According to Malcolm-Anderson, SickKids Caribbean is based on the SickKids Toronto model, and is part of the Sick Kids Foundation. The Caribbean initiative provides health equality to six Caribbean countries – Jamaica, Barbados, The Bahamas, Trinidad and Tobago, Saint Vincent and the Grenadines, and Saint Lucia – and helps to fund research for cancer and blood disorders.

The opportunity for Malcolm-Anderson to continue her parent’s legacy through sports does to not end with SickKids Caribbean. She is also involved with, and recently attended, the Ontario Black History Society Leaders of Tomorrow event.

The Ontario Black History Society (OBHS) is a non-profit registered Canadian charity, dedicated to the study, preservation and promotion of Black History and heritage.

Malcolm-Anderson spoke to the youth in attendance. She told them to follow their “passions purposefully – purposeless passions have a dead-end or, maybe I should say, they have a short shelf life.”

For Malcolm-Anderson, her purposeful passion to one day play for Jamaica meant she journeyed through playing indoor and beach volleyball for New Zealand; she is very proud of this part of her history and accomplishments while representing her father’s country.

Playing for her mother’s home country took some time to materialize. She had been writing letters about her intention to represent Jamaica in beach volleyball for more than 10 years. Eventually technology allowed the process to happen seamlessly.

After some Google searches on how to connect with someone involved in Jamaica’s small beach volleyball community, Malcolm-Anderson came out of retirement, two years ago, and became one of the founding members of team JAMSoul.

Now she is fulfilling her dream by representing Jamaica as they play in a series of continental competitions which sets them on the qualifying path. There are two ways to qualify for Rio in beach volleyball – one is through the Fédération Internationale de Volleyball (FIVB) where the Jamaicans must accumulate points over a number of competitions and years leading up to the Olympics.

The other path of qualification is through the North, Central America and Caribbean Volleyball Confederation (NORCECA) Beach Volleyball Continental Cup. This tournament sees the winner automatically qualifying for Rio 2016.

Regardless of the path to Rio 2016, it is very evident, in speaking with Malcolm-Anderson, that she believes they can overcome all obstacles and competition and make Jamaica proud in the process.

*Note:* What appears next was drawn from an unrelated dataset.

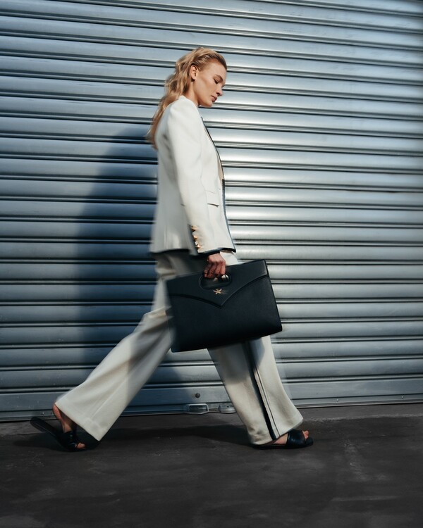 ‘스페니쉬 송아지 가죽 다이아몬드 숄더백’ 역시 바이에른 다이아몬드에서 영감을 받은 스페인산 송아지 가죽 소재 숄더백이다. ‘형태는 기능을 따른다(form follows function)’라는 바우하우스 디자인 원칙에 충실한 기하학적 모티프가 앞면 플랩 클로저에 정교하게 퀼팅된 것이 특징이다.
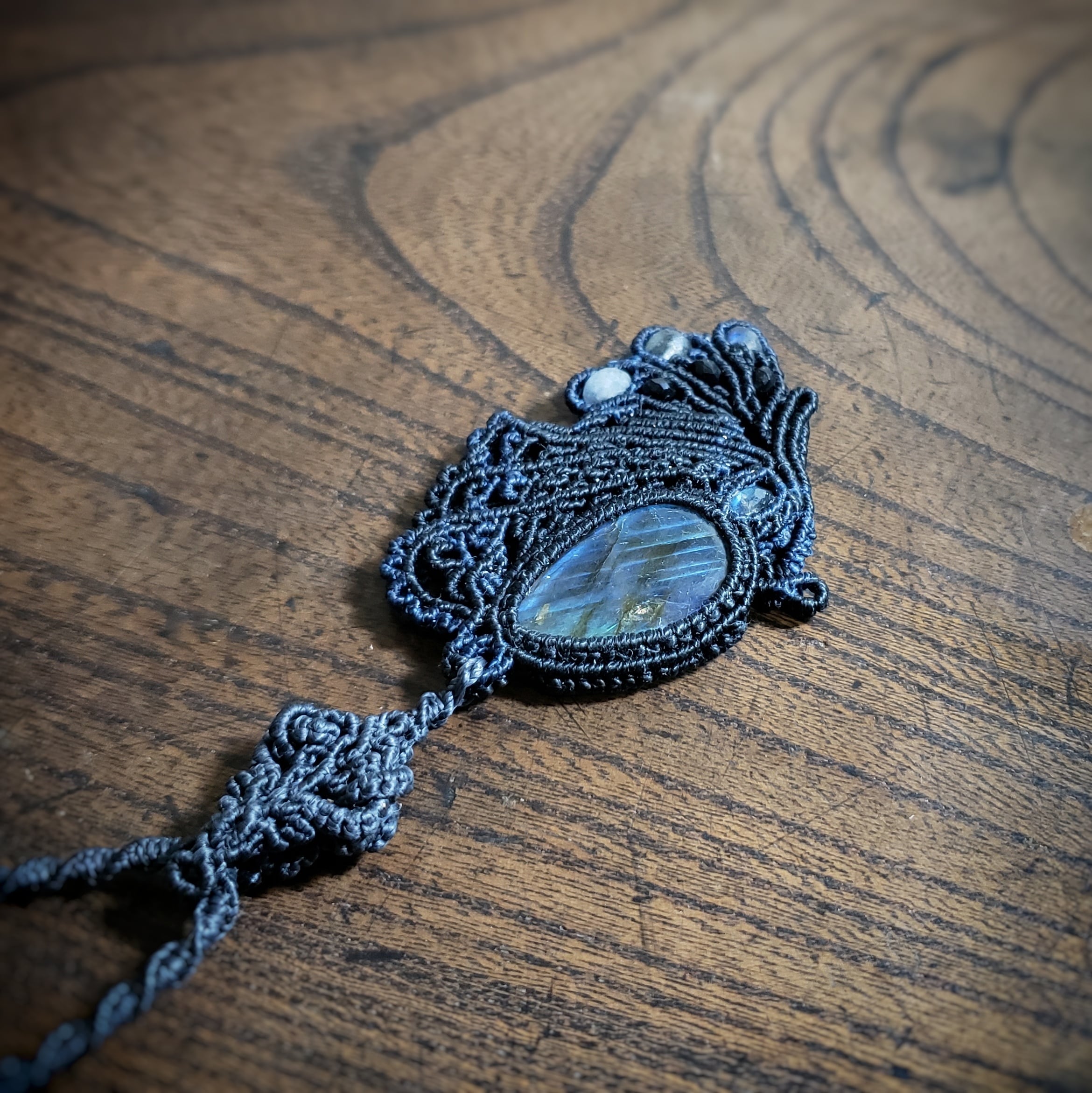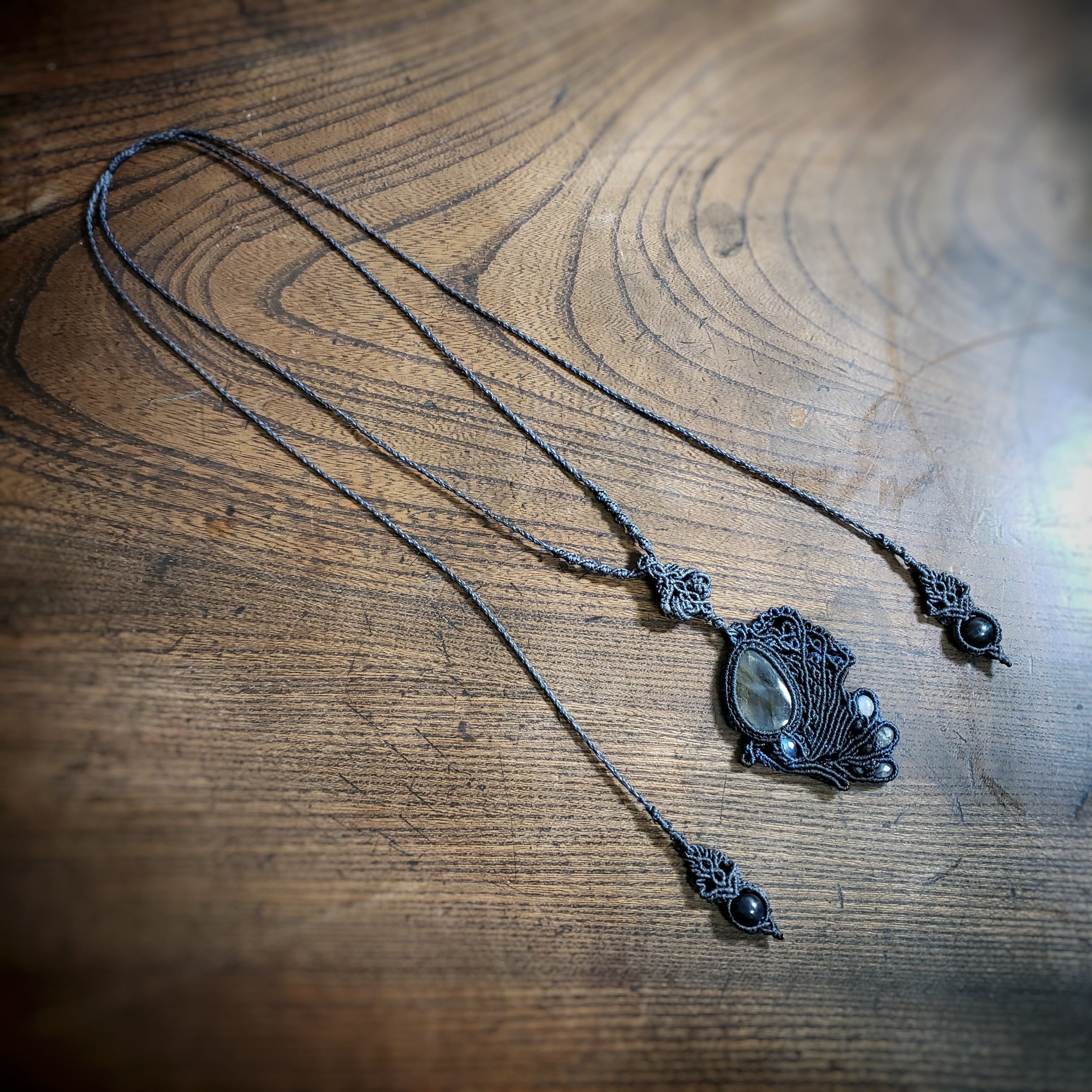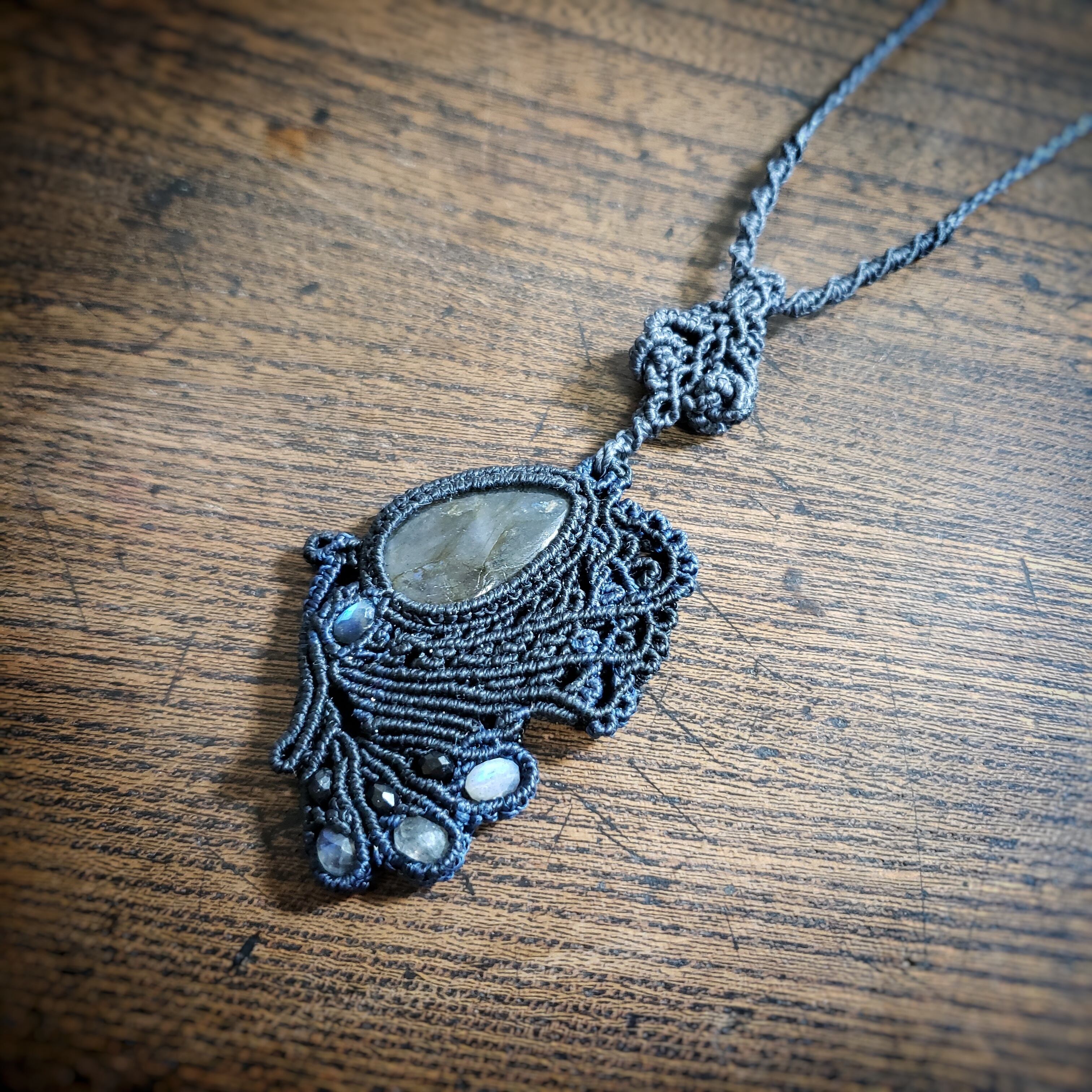 こちらは、ラブラドライトのマクラメ編みネックレスです。

So what’s the biggest competition that might pose as an obstacle in reaching Rio?

“None! We really don’t have obstacles. We (speaking about the rest of her JAMSoul teammates) live in different places. I guess the only thing is to find time for team building – be in each other’s space and practice together.” She added, “We are having a team-building camp in Toronto in the coming weeks.”

The rest of her teammates will need some funding assistance to come down to Toronto so they can train, practice and also cover player’s expenses. A ‘gofundme’ account will be set up soon which will help bring their plan to realization.

Malcolm-Anderson’s husband, Steve Anderson, is an Olympic Gold Medal coach and is also the Head Coach for Canada’s High Performance Beach Volleyball Programs. He wrote a book which she cites as another source of inspiration and motivation.

The book, titled The Challenge Makes The Champion, delves into how athlete’s and people in general can use obstacles to trampoline themselves to another level of success.

It seems to me that this concept is one which Alicia Malcolm-Anderson has fully mastered.